A University of Colorado Cancer Center study published today in the International Journal of Radiation Oncology Biology and Physics shows that patients taking crizotinib for ALK+ non-small cell lung cancer may safely and durably use up to three courses of targeted radiation therapy to eradicate pockets of drug-resistant disease. Eliminating these pockets of resistant disease allows patients to continue treating the overall condition with crizotinib, leading to improved 2-year survival rates compared with patients forced to discontinue the drug sooner.
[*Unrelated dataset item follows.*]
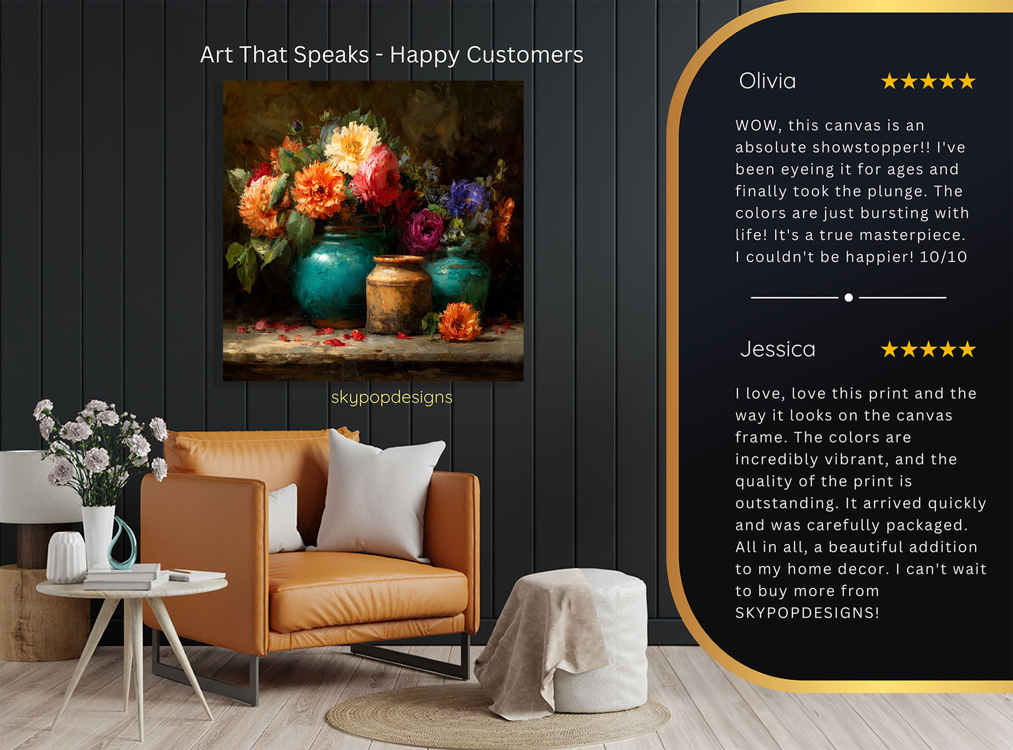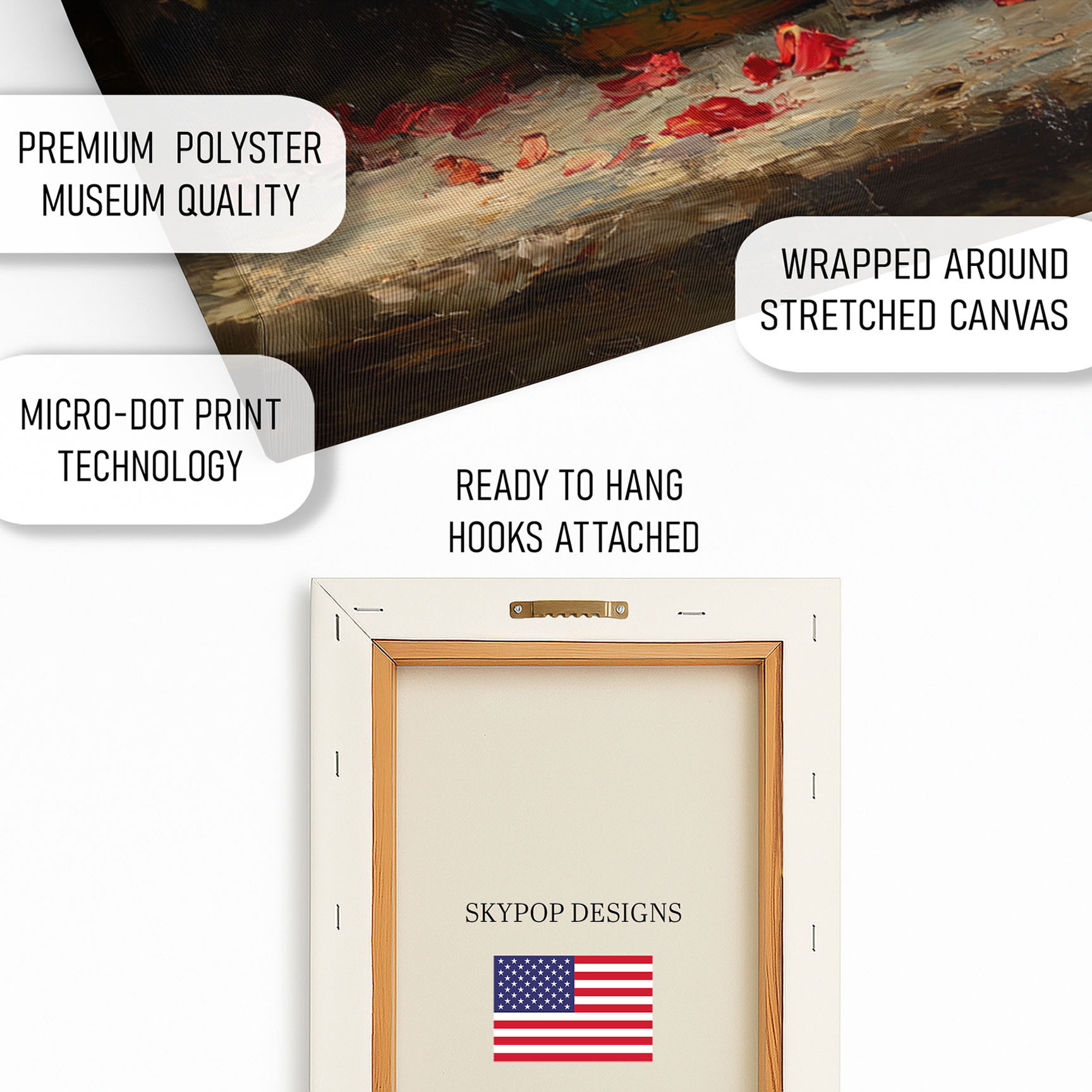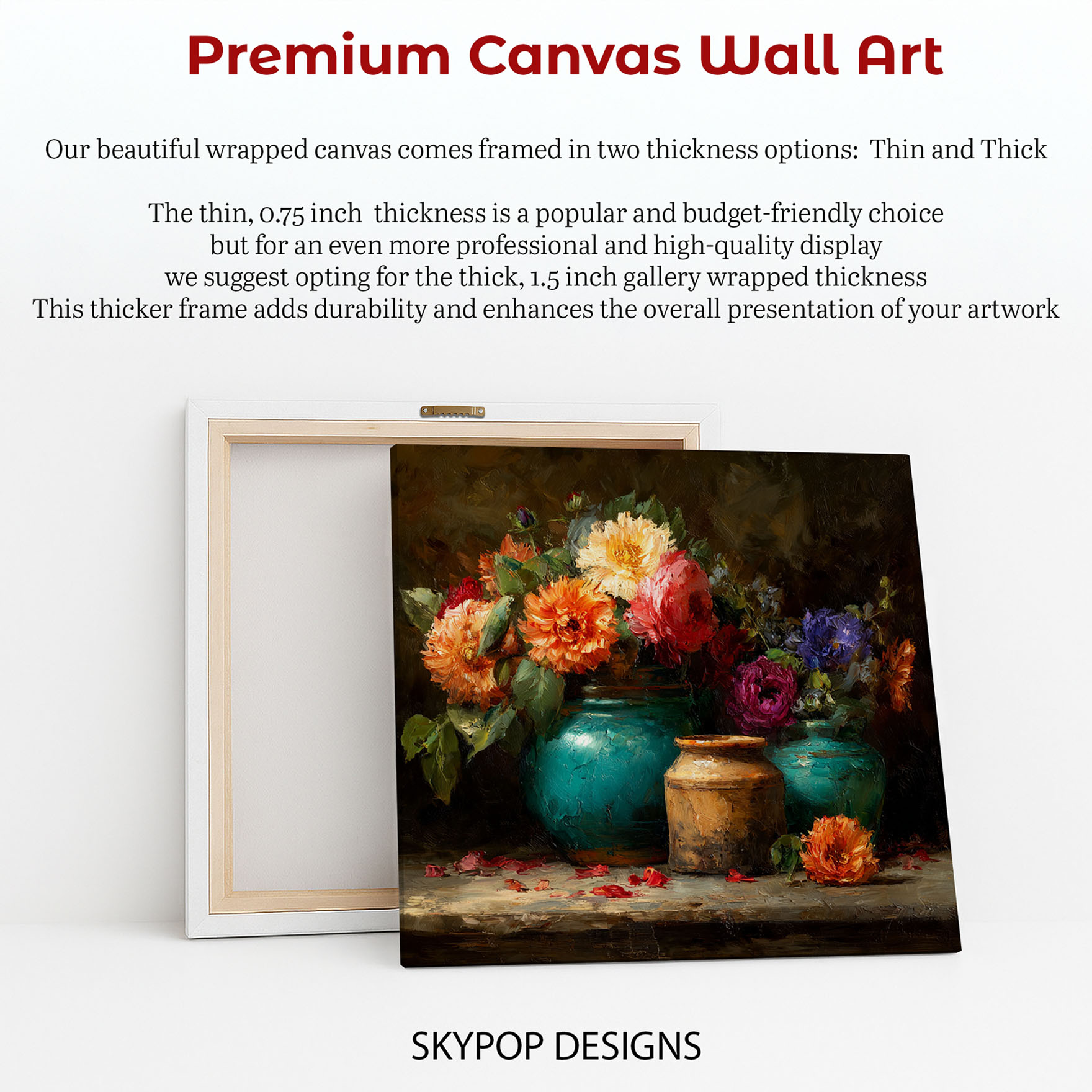 At SKYPOPDESIGNS, we specialize in high-quality canvas and poster prints designed to bring sophistication and style to your space. Please note that our designs are not created with 3D textures or as original oil, acrylic, or watercolor paintings; they are instead HD reproductions of original artwork. This approach allows us to offer these visually stunning pieces at competitive prices, ensuring you receive top-tier, maintenance-free art that’s easy to enjoy.

ALK+ lung cancers are caused by the aberrant reactivation of the ALK gene, and comprise about 3-5 percent of all cases of non-small cell lung cancer. In these cases, clinical studies have shown that the drug crizotinib is highly effective and the drug was rapidly approved by the FDA in 2011. Unfortunately, at around 8 10 months after the initiation of treatment, the cancer tends to acquire resistance to crizotinib. Earlier work at CU Cancer Center and elsewhere showed that resistance occurs through a change in the biology of the cancer. At this point, patients have generally been switched to another drug.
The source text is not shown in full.